Este último costo de “agencia política” tiene el enorme agravante de la inconsistencia temporal: el supuesto blindaje del derecho de propiedad de los ahorros que quizás pueda hacerse en este periodo podría fácilmente debilitarse o desvirtuarse en el futuro. Si bien no hay gobernanza perfecta para el manejo de pensiones, lo que ha construido Uruguay en los últimos 30 años es bastante bueno. Las comisiones podrían bajar quizás aún más, pero lo que importa es el retorno neto de las contribuciones y sobre esto se podría mejorar el marco regulatorio sin amenazar el derecho de propiedad de los ahorristas.
El tercer desafío es sobre nuestra democracia representativa. Como lo han señalado un numero de analistas, más del 60% de la población voto en contra de estos cambios en el plebiscito de fines del 2024. Ǫue el “diálogo social” viole este pronunciamiento contundente de la voluntad popular no hace más que demostrar que es una institución mal concebida y peor utilizada que distorsiona el funcionamiento de la democracia representativa. Hay dialogo en muchísimos ámbitos de la democracia, fundamentalmente en el parlamento, y esta entelequia del “diálogo social” es solo una excusa para torcer y distorsionar una democracia representativa que le ha servido muy bien al país por muchos años.

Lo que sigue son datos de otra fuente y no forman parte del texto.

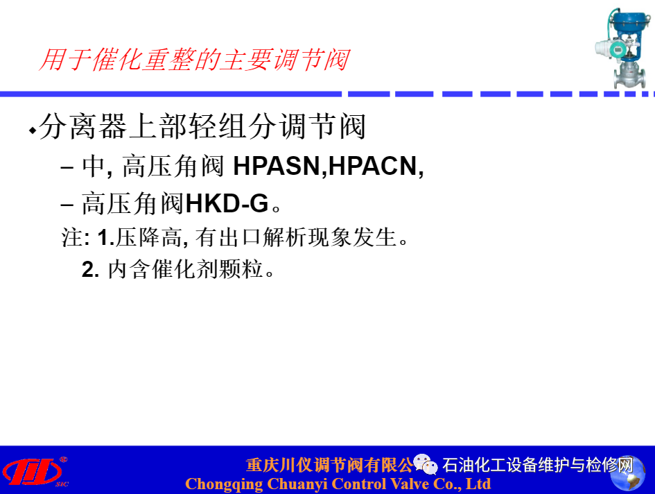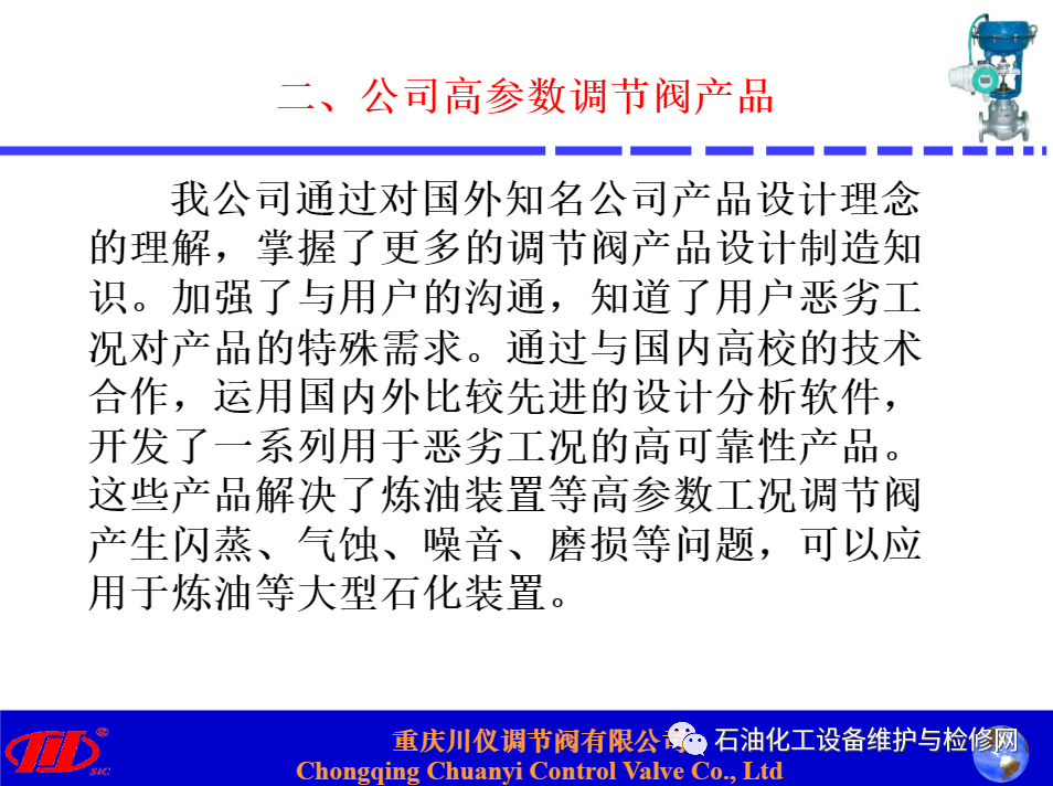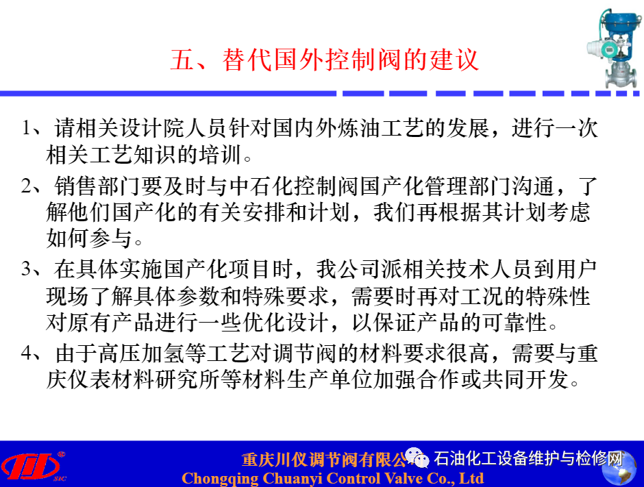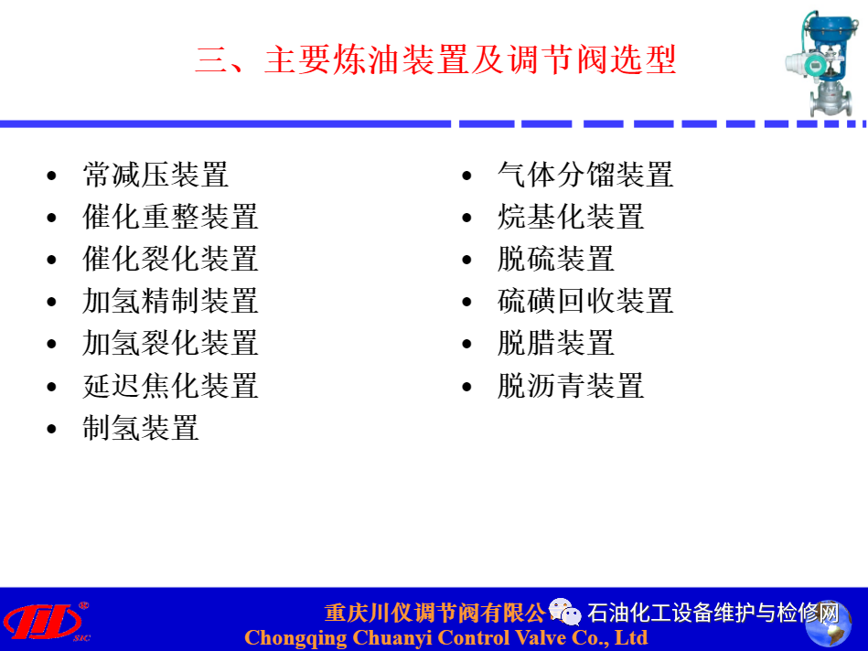 川儀調(diào)節(jié)閥在煉油項(xiàng)目中替代進(jìn)口閥的應(yīng)用分析講解.ppt

Encaminarnos a una socialización del ahorro individual no es la mejor forma de lograr el objetivo de crecimiento inclusivo del gobierno. Nelson Fernandez7 hace la pregunta oportuna sobre este curso de acción y la contesta en forma brillante y conclusiva: “para hacer daño”. Ojalá el debate legislativo recoja la opinión de la mayoría de la población y se evite el daño.
______________________________________
1 Damos por descontado que el BPS, con el atraso de expedientes que tiene, sea capaz de abordar este servicio para los 1,7 millones de afiliados a las AFAPs. Ǫuizás el ente pueda reducir los costos administrativos, pero sin duda estos perduraran y serán a cargo del estado.
2 Ver Roldos, J. (2003), “The impact of Asset Accumulation on Capital Markets,” en el libro “Pension Reforms: Results and Challenges”, International Federation of Pension Fund Administrators.
3 Un dólar invertido al 10,6% se convierte en 20,5 dólares a los 30 años, en tanto que al 9,4% se convierte en 14,8 dólares; esta amplificación no se transmite en su totalidad a la jubilación dado que futuras contribuciones tienen una “vida” menor.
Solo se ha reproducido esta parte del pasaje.